Whether you’re pursuing airline miles, hotel loyalty points, flexible rewards, or simple-to-redeem cash back, the biggest bang for your buck is almost always found in a credit card’s signup bonus. These signup bonus offers, which are normally doled out after you meet a set of predefined requirements, are often worth $500 or more.
Although signup bonus offers aren’t all created equal, many work similarly. As you search for the best credit card signup bonus offers out there, here are a few things you should know:
- Scoring a signup bonus usually requires hitting a minimum spending requirement. Although some credit card signup bonus offers award you with the bonus after you make a purchase or simply sign up for the card, the vast majority require you to hit a minimum spending requirement within a certain length of time (e.g., spend $3,000 within 90 days).
- You may have to pay an annual fee. While some cards offer a huge signup bonus, many of them charge an annual fee just for being a cardholder. In some cases, this fee may be waived the first year. As you consider a new rewards card and signup bonus offer, you should consider how paying that annual fee will impact the amount of rewards you earn.
- Other requirements may apply. In addition to meeting a minimum spending requirement, you may have to perform other tasks to earn your signup bonus. For example, if you’re trying to earn a signup bonus for a co-branded hotel loyalty credit card, earning the bonus will mean signing up for that loyalty program if you haven’t already.
The Best Credit Card Signup Bonus Offers of 2016
While securing a hefty signup bonus is fairly easy if you know what you’re looking for, it can be hard to find the winners among the hundreds of offers that are available.
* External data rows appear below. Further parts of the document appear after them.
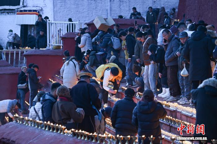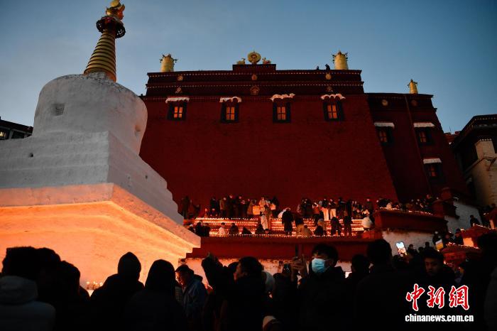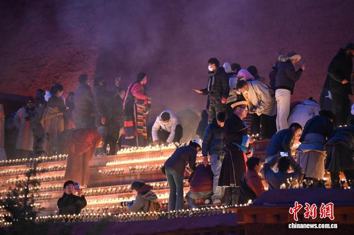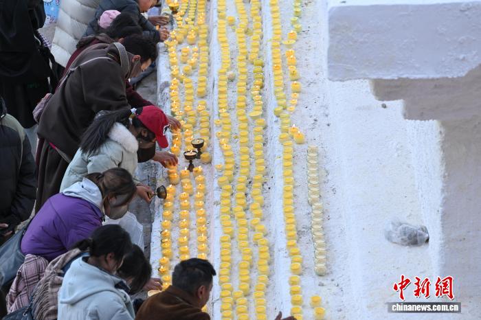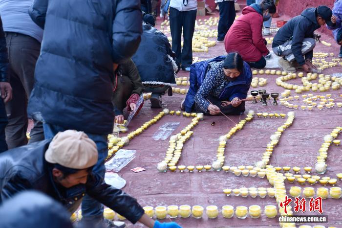 圖為信眾在甘丹寺有序擺放酥油燈。 中新社記者 貢嘎來(lái)松 攝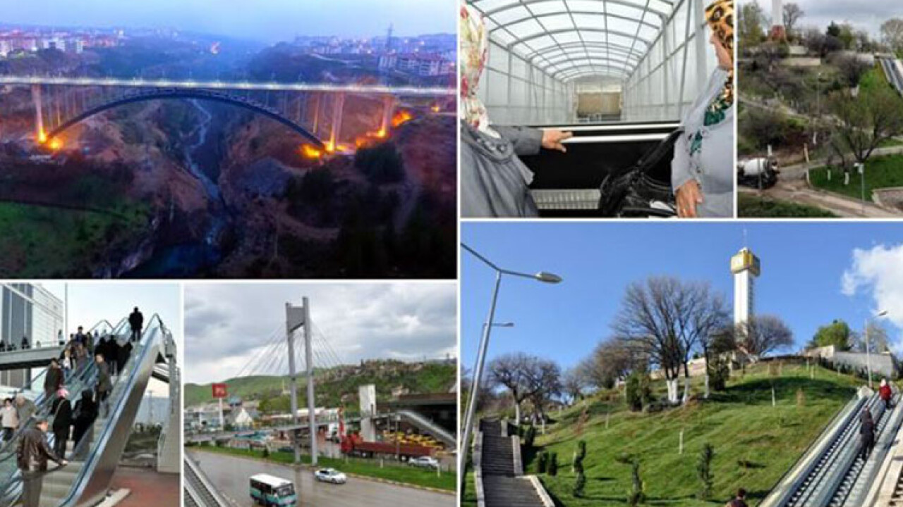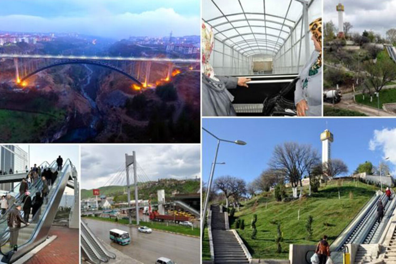 Bu kapsamda, kentteki farklı mahallelerde 60 metre uzunluğunda iki yürüyen merdiven, biri 27 diğeri ise 38 metre yükseklikte iki kule asansör, 100 metrelik yatay asansör, yaklaşık 200 metre uzunlukta ve 60 metre yükseklikte iki çelik yaya köprüsü vatandaşlara hizmet veriyor.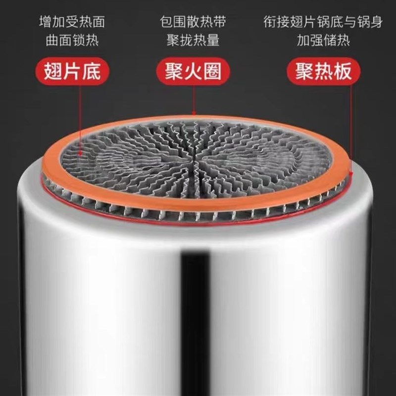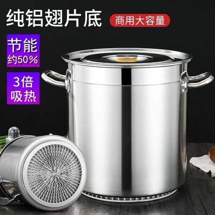 燃气节能汤桶带盖加厚304大容量不锈钢卤桶汤锅T翅片覆底圆桶商用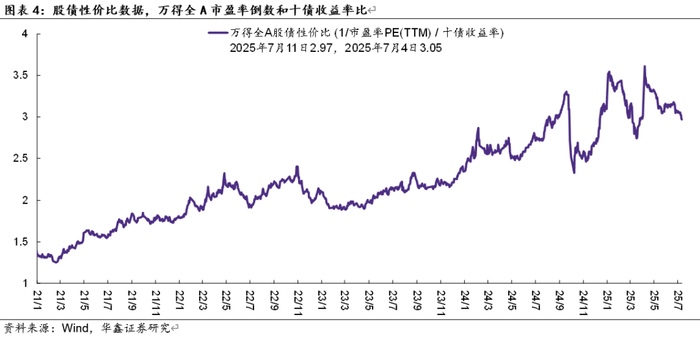负债端。最新更新的数据显示,2025年5月实体部门负债增速录得8.9%,前值9.0%,基本符合预期。以月末时点数衡量,预计4月形成年内实体部门负债增速的高点,6月实体部门负债增速转而下行至8.8%附近,7月反抽至4月高点附近,后续转而下行,重回缩表。按照两会公布的财政计划,我们预计年底实体部门负债增速将下降至8%附近。金融部门方面,上周资金面边际上有所收敛,我们认为,6月初以来资金面松弛的顶点基本出现在7月4日、7日、8日三个交易日期间,而实体部门在6月底至7月初之间,大体上有三周左右扩表,即6月30日至7月12日附近。在流动性边际收敛大背景之下,我们关注的重点仍是股债性价比何时重回偏向债券。2025年政府工作报告中明确指出:“使社会融资规模、货币供应量增长同经济增长、价格总水平预期目标相匹配”,这表明,稳定宏观杠杆率的大方向没有任何动摇,中国仍然处于边际缩表过程之中,大规模化债进一步降低了地方政府融资成本、以及发生大规模违约和流动性风险的概率,有利于提升全社会的预期。
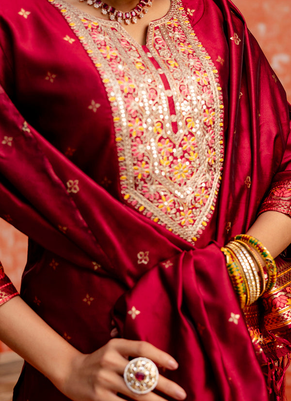 This red salwar suit in a cotton silk blend offers lightweight comfort with a rich texture. Embroidery work lends it a touch of refinement, making it ideal for casual wear with a festive vibe. Easy to carry and stylish for everyday elegance.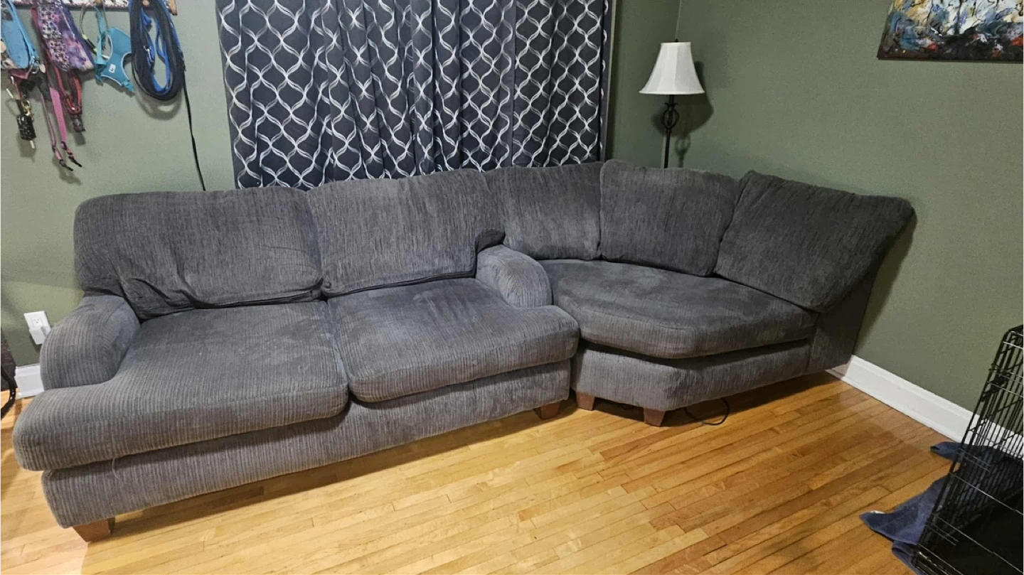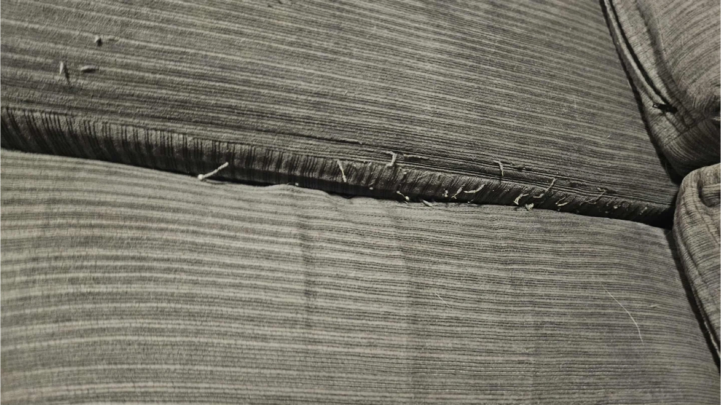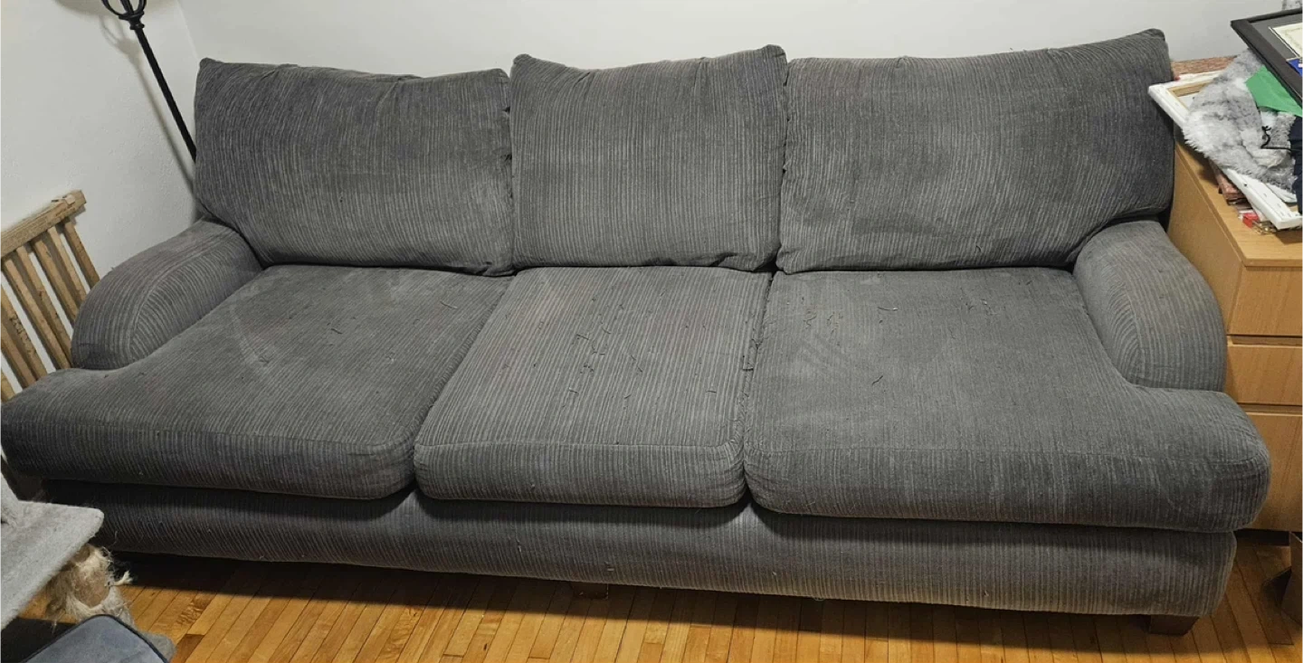 Has been vacuumed and cleaned recently, still has some pet hair that we couldn’t get out of the black base fabric.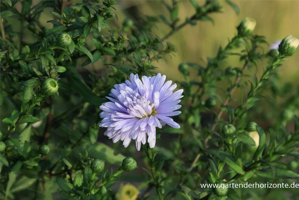 Aster novi-belgii 'Porzellan' bildet körbchenartige, hellblaue Blüten ab September. Diese verströmen einen angenehmen Duft.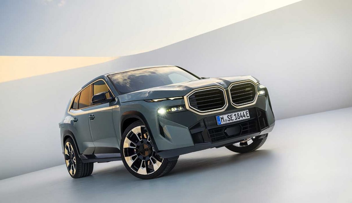 BMW’nin lüks segmentteki modellerinde kullanılan iki ayrı üniteye ayrılmış farları ve aydınlatmalı dev BMW böbrek ızgaraları BMW XM’in lüks ve çarpıcı duruşunu destekliyor.
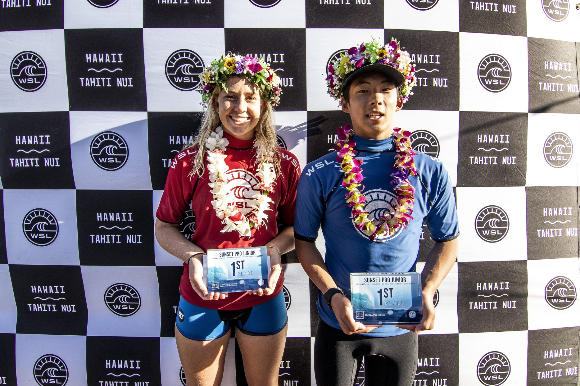 One of Oahu’s most iconic competitive venues, Sunset Beach, delivered breezy, challenging conditions throughout the day with consistent four-to-six foot wave faces and strong yet favorable easterly tradewinds. Japan’s Roi Kanazawa won the men’s title with Gabriela Bryan, of Hawaii, earning the women’s victory.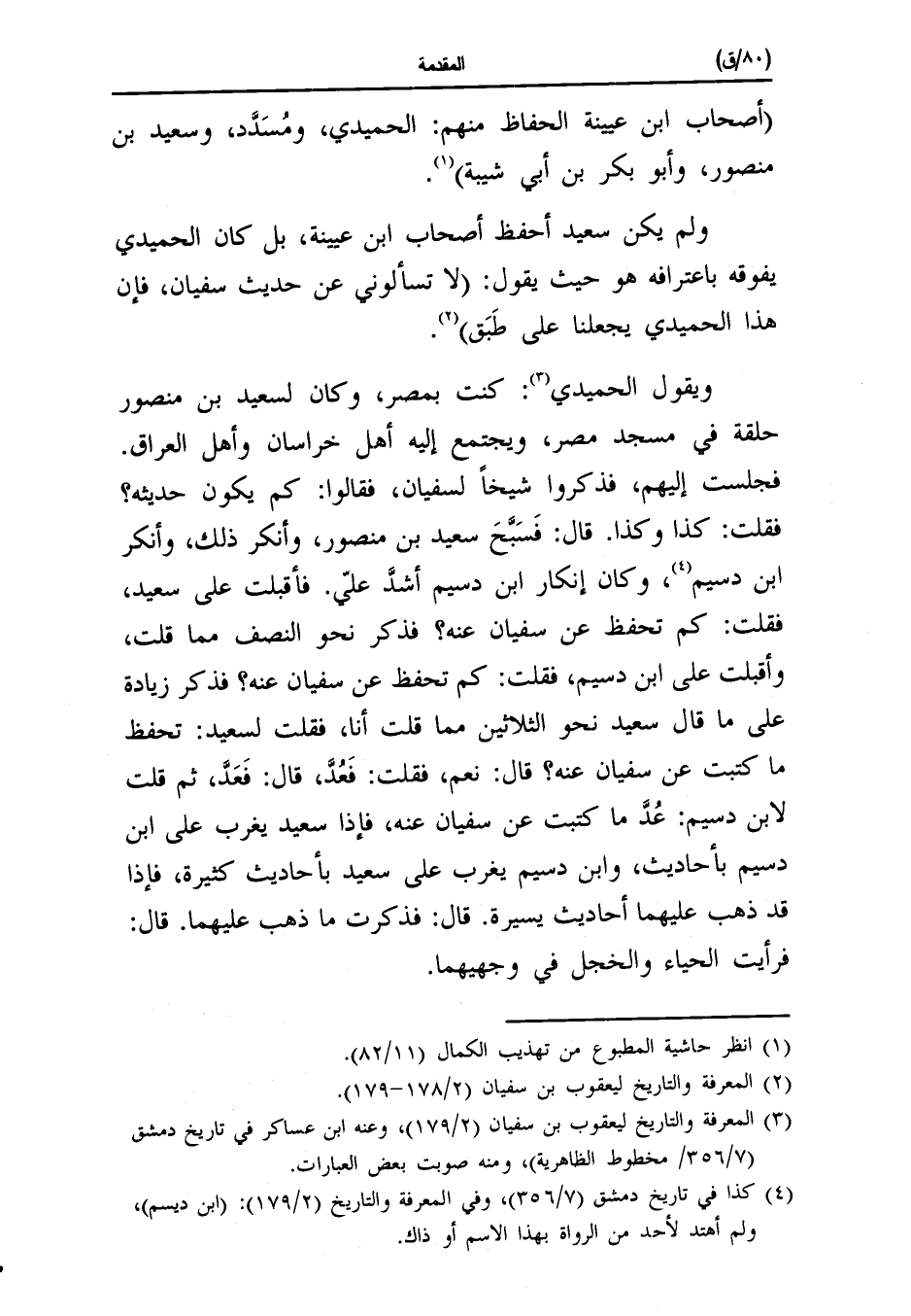 ويقول الحميدي (¬٣): كنت بمصر، وكان لسعيد بن منصور حلقة في مسجد مصر، ويجتمع إليه أهل خراسان وأهل العراق. فجلست إليهم، فذكروا شيخاً لسفيان، فقالوا: كم يكون حديثه؟ فقلت: كذا وكذا. قال: فَسَبَّحَ سعيد بن منصور، وأنكر ذلك، وأنكر ابن دسيم (¬٤)، وكان إنكار ابن دسيم أشدَّ عليّ. فأقبلت على سعيد، فقلت: كم تحفظ عن سفيان عنه؟ فذكر نحو النصف مما قلت، وأقبلت على ابن دسيم، فقلت: كم تحفظ عن سفيان عنه؟ فذكر زيادة على ما قال سعيد نحو الثلاثين مما قلت أنا، فقلت لسعيد: تحفظ ما كتبت عن سفيان عنه؟ قال: نعم، فقلت: فَعُدَّ، قال: فَعَدَّ، ثم قلت لابن دسيم: عُدَّ ما كتبت عن سفيان عنه، فإذا سعيد يغرب على ابن دسيم بأحاديث، وابن دسيم يغرب على سعيد بأحاديث كثيرة، فإذا قد ذهب عليهما أحاديث يسيرة. قال: فذكرت ما ذهب عليهما. قال: فرأيت الحياء والخجل في وجهيهما.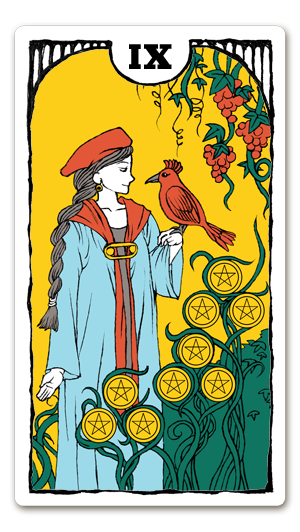 タロットカードペンタクルの9の絵柄の説明【ペンタクルの9の人物像とは?】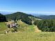 Nun ging es am Schlosshotel vorbei und ein kurzes Stück dem Querweg Lahr-Rottweil in Richtung Huberfelsen. Auf dem Uhufelsenweg stieg man vom Schlossberg über die Schlossschanze auf den Ziegelkopf hinauf. Mit Ausblick ins Gutachtal. Zu Beginn der spanischen Erbfolgekrieges (1701-1714) ließ Markgraf Ludwig Wilhelm I. von Baden – der Türkenlouis – eine Verteidigungslinie gegen einfallende französische Truppen errichten. Helmut erklärte paar Details darüber und weiter gings’s zum Aussichtspunkt am Uhufelsen mit einem Kreuz. Durch dichte Wälder wanderten die Mitglieder schließlich an die Offenbachereckle-Hütte (737 m) um dort Rast zu machen. Gut gestärkt marschierten die Mitglieder zum aussichtsreichen Huberfelsen. Ein kleiner Felsturm aus Granit, der sich auf der vierten Etappe des ZweiTälerSteig befindet. Er wird auch gerne U-Boot bezeichnet. Nun ging es wieder ein Stück zurück und auf felsigem Weg stets bergauf zum Karlstein. Der Karlstein ist eine Felsformation aus Granitblöcken im Ortsteil Niederwasser, der knapp 1000 m ü.M. liegt. Er bietet eine besondere Aussicht nach Osten, Norden und Süden. Bis 1805 markierte der Karlstein ein Vierländereck, an dem die Länder Baden und Württemberg sowie die Fürstenbergischen und Vorderösterreicherischen Besitzungen aneinander trafen. Der Fels hieß früher Hauenstein. Nach einem kleinen Umtrunk und einem Gruppenbild ging es nun wieder abwärts zum HOTEL SCHÖNE AUSSICHT. Dort genoss man eine wunderbare Kombination aus Entspannung, Genuss und Aussicht. Auf dem Fünfgeld-Pfad ging es nun auf schönen Waldpfaden stetig bergab, bestimmt hatte der ein oder andere Teilnehmer am nächsten Tag Musekelkater in den Oberschenkeln. Die Wandergruppe konnte noch eine Blick auf die Freilichtbühne werfen und anschließend die herrliche Rundwanderung von 16 km und 700 Hm in einem Lokal in Hornberg ausklingen lassen.

That’s why we created this complete list of all of the best signup bonus offers available in 2016:
Best Credit Card Signup Bonus Offers: Flexible Rewards
While some cards offer airline or hotel-chain points that can only redeemed with a specific brand, others offer flexible rewards that can be used to book all types of travel – either by booking through an online travel portal, by booking with your card and redeeming for travel credit, or by transferring your points to a number of popular hotel or airline loyalty programs. Here are our top credit card signup bonus offers for flexible rewards:
Best Credit Card Signup Bonus Offers: Airline Cards
Airline cards offer points that can be redeemed for airfare, seat upgrades, and other travel perks. Planning a trip soon? A good signup bonus in this category can score you a free roundtrip ticket or more. Here are the best co-branded airline signup bonus offers currently on the market:
Best Credit Card Signup Bonus Offers: Hotel Cards
Like airline credit cards, co-branded hotel credit cards offer points that can be redeemed for free hotel stays, room upgrades, and more. The following offers represent the best of all of the hotel card signup bonus offers currently on the market:
Best Credit Card Signup Bonus Offers: Cash Back Cards
If you don’t like to travel, earning straight-up cash back might be more your style. These signup offers are some of the best among the true cash back cards currently on the market:
Best Credit Card Signup Bonus Offers: Business Cards
Credit card signup bonus offers aren’t just for individuals; they’re for businesses too. If you own a small business, have a side hustle, or are self-employed, you could qualify for any of these lucrative business card signup bonus offers:
Best Credit Card Signup Bonus Offers: Summed Up
Credit Card Signup Bonus Offers Dos and Don’ts
Although many of the top offers are lucrative in their own right, it’s important to understand how to make the most of these offers without hurting yourself financially. Here are some basic tips that can help you do just that:
Do consider how meeting a minimum spending requirement will affect your finances. Since most credit card signup bonus offers require you to spend a certain amount of money on the card within a limited time, it’s important to make sure that the spending goal is attainable before you sign up. If your spending is relatively low, steer clear of bonus offers that ask you to spend more than you would otherwise.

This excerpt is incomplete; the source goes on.